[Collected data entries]
####

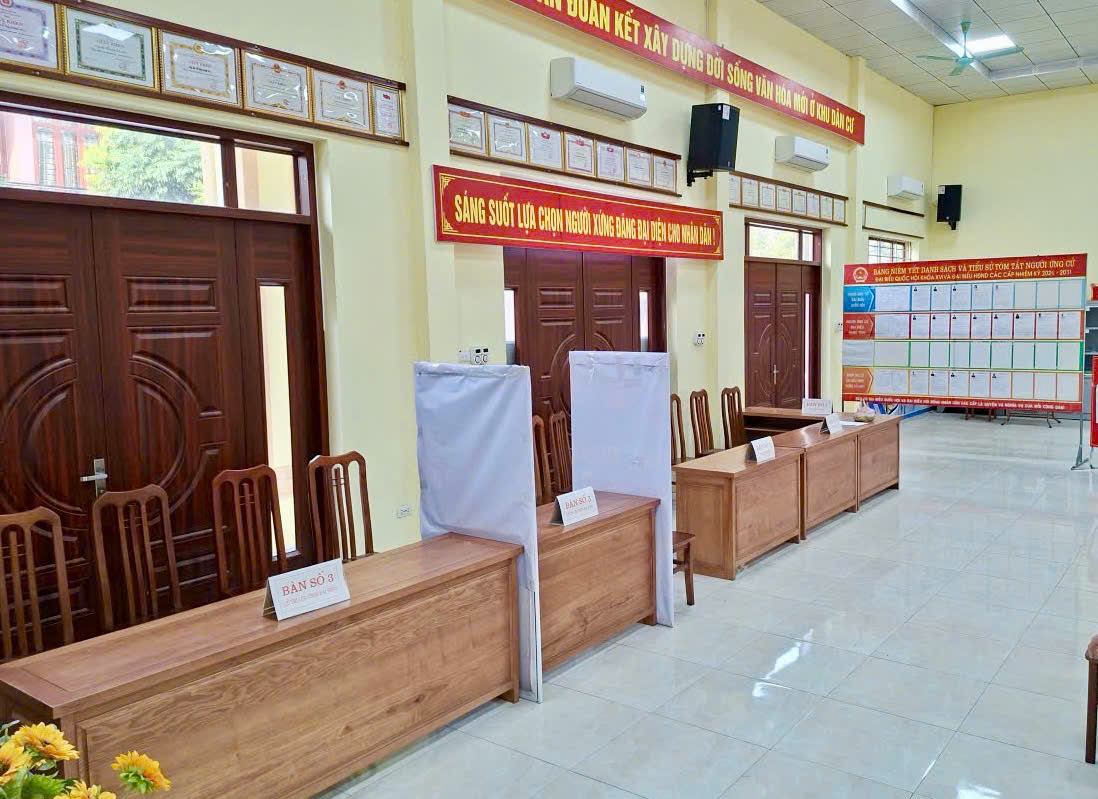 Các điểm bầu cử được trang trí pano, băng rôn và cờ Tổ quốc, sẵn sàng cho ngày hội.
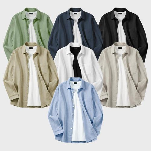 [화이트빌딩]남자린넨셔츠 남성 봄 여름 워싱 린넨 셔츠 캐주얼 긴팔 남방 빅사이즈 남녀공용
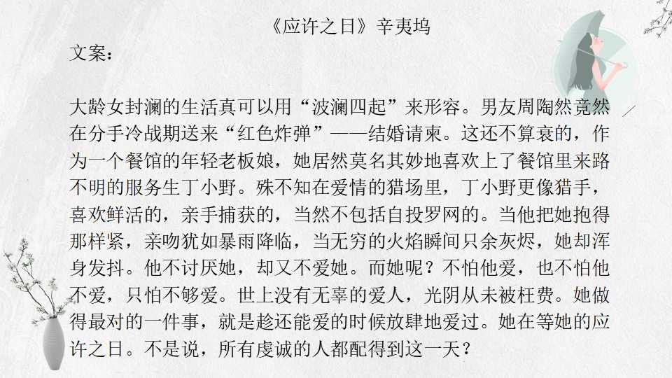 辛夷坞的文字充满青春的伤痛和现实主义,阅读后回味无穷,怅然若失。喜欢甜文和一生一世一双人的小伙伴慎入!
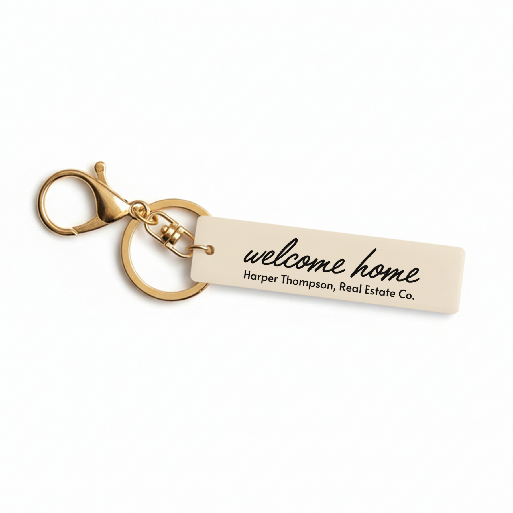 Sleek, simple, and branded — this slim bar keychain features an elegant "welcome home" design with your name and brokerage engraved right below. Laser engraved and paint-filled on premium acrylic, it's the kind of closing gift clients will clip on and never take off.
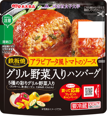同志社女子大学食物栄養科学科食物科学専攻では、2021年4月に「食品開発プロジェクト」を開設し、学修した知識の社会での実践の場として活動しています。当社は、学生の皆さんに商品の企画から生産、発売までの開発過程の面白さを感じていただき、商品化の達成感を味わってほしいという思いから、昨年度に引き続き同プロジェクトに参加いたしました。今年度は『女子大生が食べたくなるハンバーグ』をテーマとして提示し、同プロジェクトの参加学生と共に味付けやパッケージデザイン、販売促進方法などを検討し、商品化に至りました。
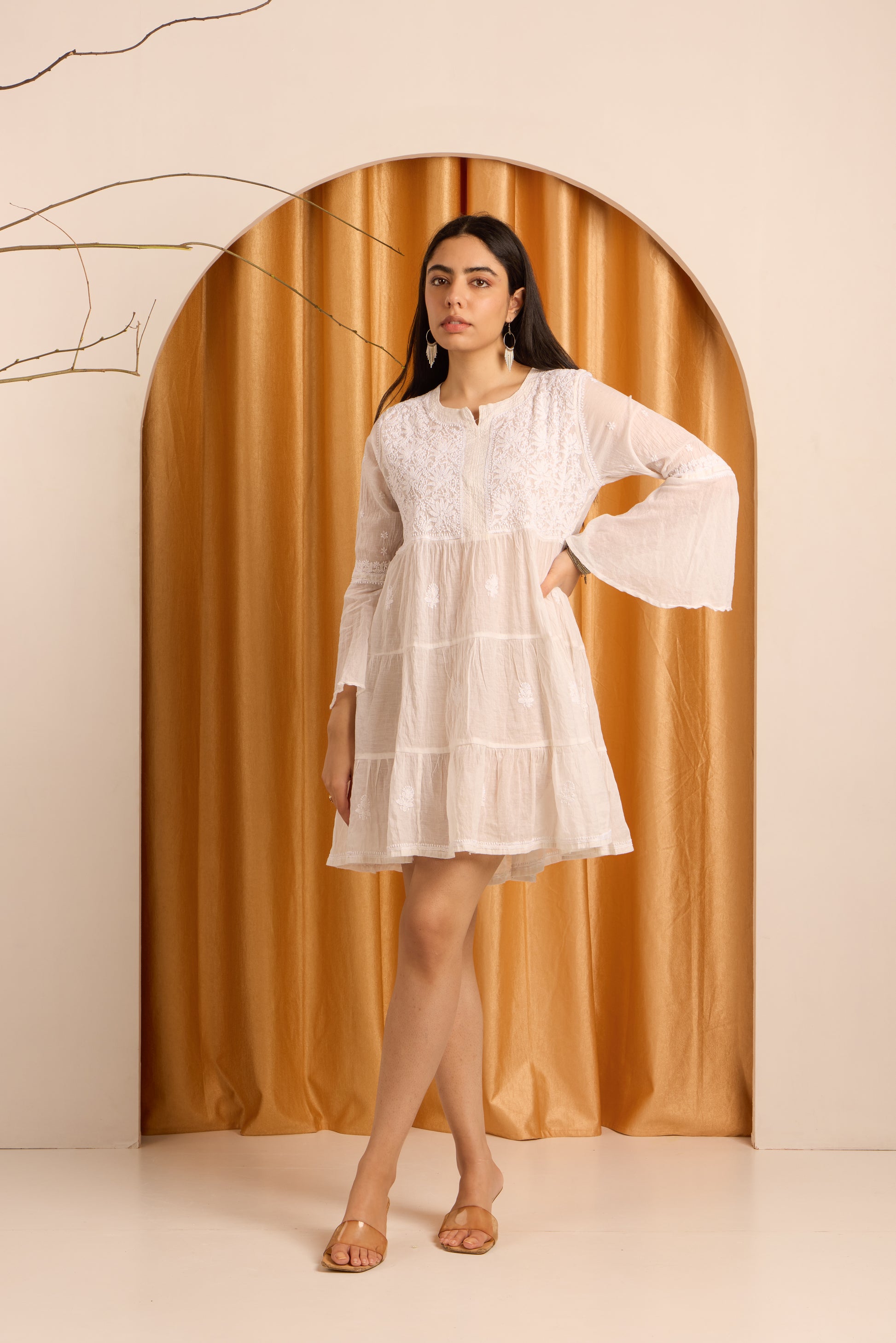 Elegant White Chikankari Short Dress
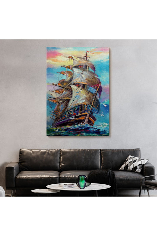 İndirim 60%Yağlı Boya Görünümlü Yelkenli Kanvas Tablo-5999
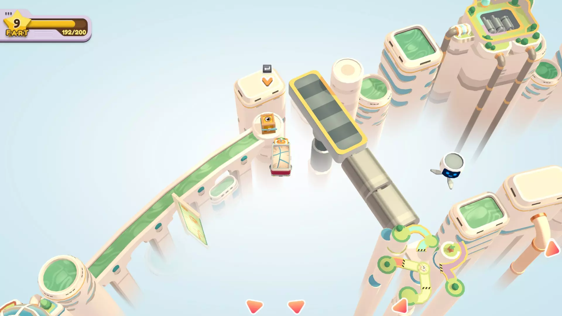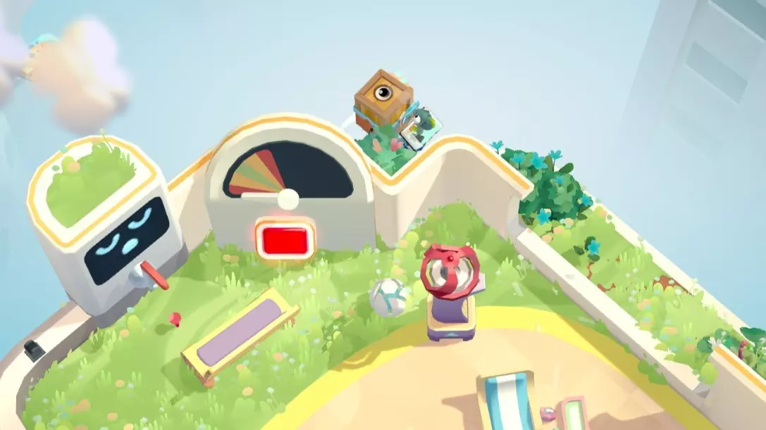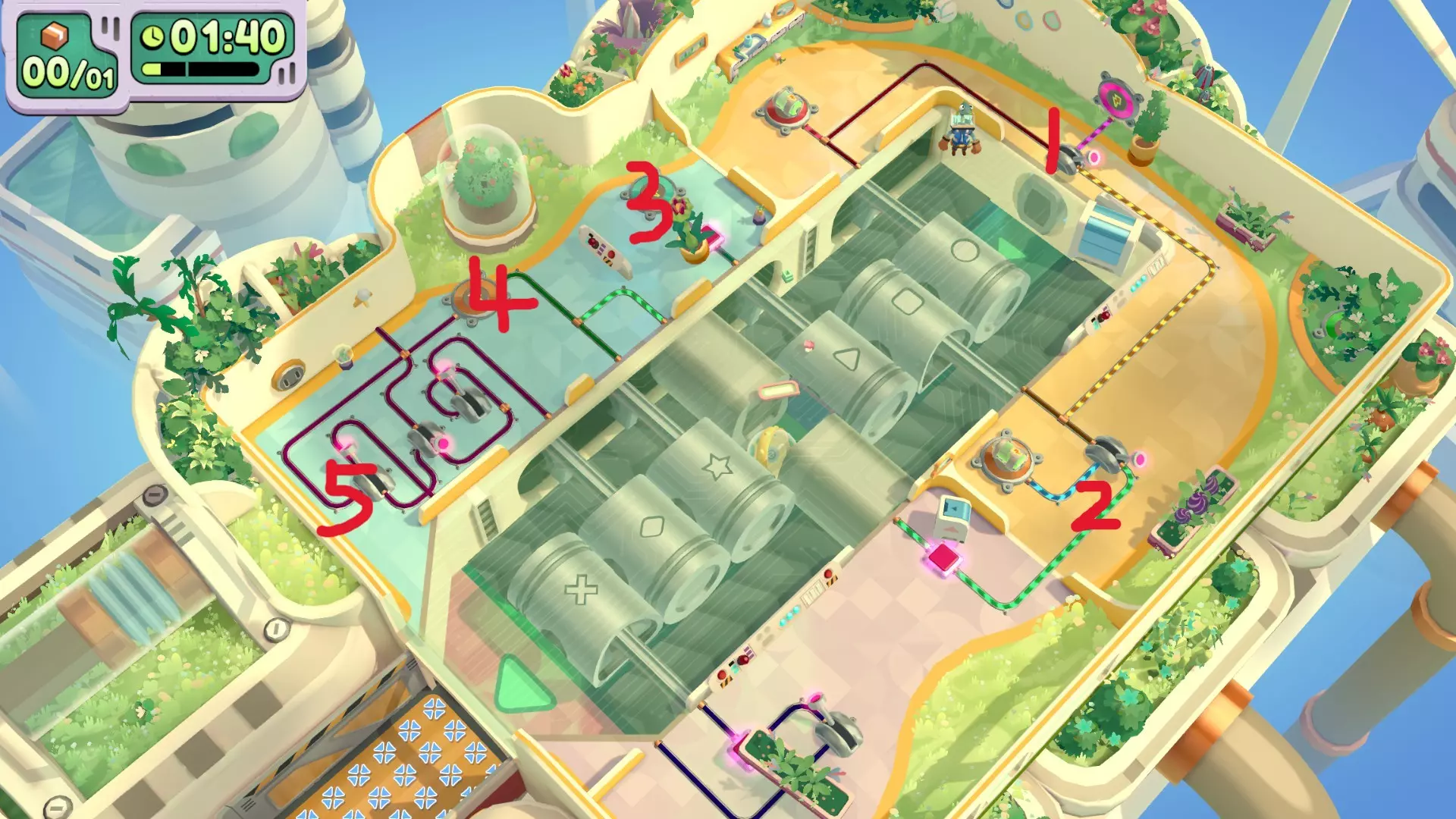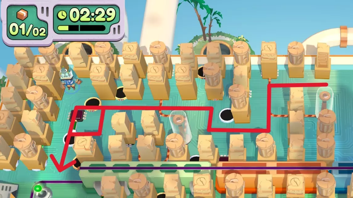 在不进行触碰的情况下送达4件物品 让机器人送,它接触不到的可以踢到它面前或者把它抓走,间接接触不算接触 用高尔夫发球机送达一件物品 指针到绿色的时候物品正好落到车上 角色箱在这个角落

####

:: WORK ORDER ::
Write out the entries above word for word. Do not include the pictures.

:: REPLY TO THE EXERCISE ::
 Các điểm bầu cử được trang trí pano, băng rôn và cờ Tổ quốc, sẵn sàng cho ngày hội.
 [화이트빌딩]남자린넨셔츠 남성 봄 여름 워싱 린넨 셔츠 캐주얼 긴팔 남방 빅사이즈 남녀공용
 辛夷坞的文字充满青春的伤痛和现实主义,阅读后回味无穷,怅然若失。喜欢甜文和一生一世一双人的小伙伴慎入!
 Sleek, simple, and branded — this slim bar keychain features an elegant "welcome home" design with your name and brokerage engraved right below. Laser engraved and paint-filled on premium acrylic, it's the kind of closing gift clients will clip on and never take off.
同志社女子大学食物栄養科学科食物科学専攻では、2021年4月に「食品開発プロジェクト」を開設し、学修した知識の社会での実践の場として活動しています。当社は、学生の皆さんに商品の企画から生産、発売までの開発過程の面白さを感じていただき、商品化の達成感を味わってほしいという思いから、昨年度に引き続き同プロジェクトに参加いたしました。今年度は『女子大生が食べたくなるハンバーグ』をテーマとして提示し、同プロジェクトの参加学生と共に味付けやパッケージデザイン、販売促進方法などを検討し、商品化に至りました。
 Elegant White Chikankari Short Dress
 İndirim 60%Yağlı Boya Görünümlü Yelkenli Kanvas Tablo-5999
 在不进行触碰的情况下送达4件物品 让机器人送,它接触不到的可以踢到它面前或者把它抓走,间接接触不算接触 用高尔夫发球机送达一件物品 指针到绿色的时候物品正好落到车上 角色箱在这个角落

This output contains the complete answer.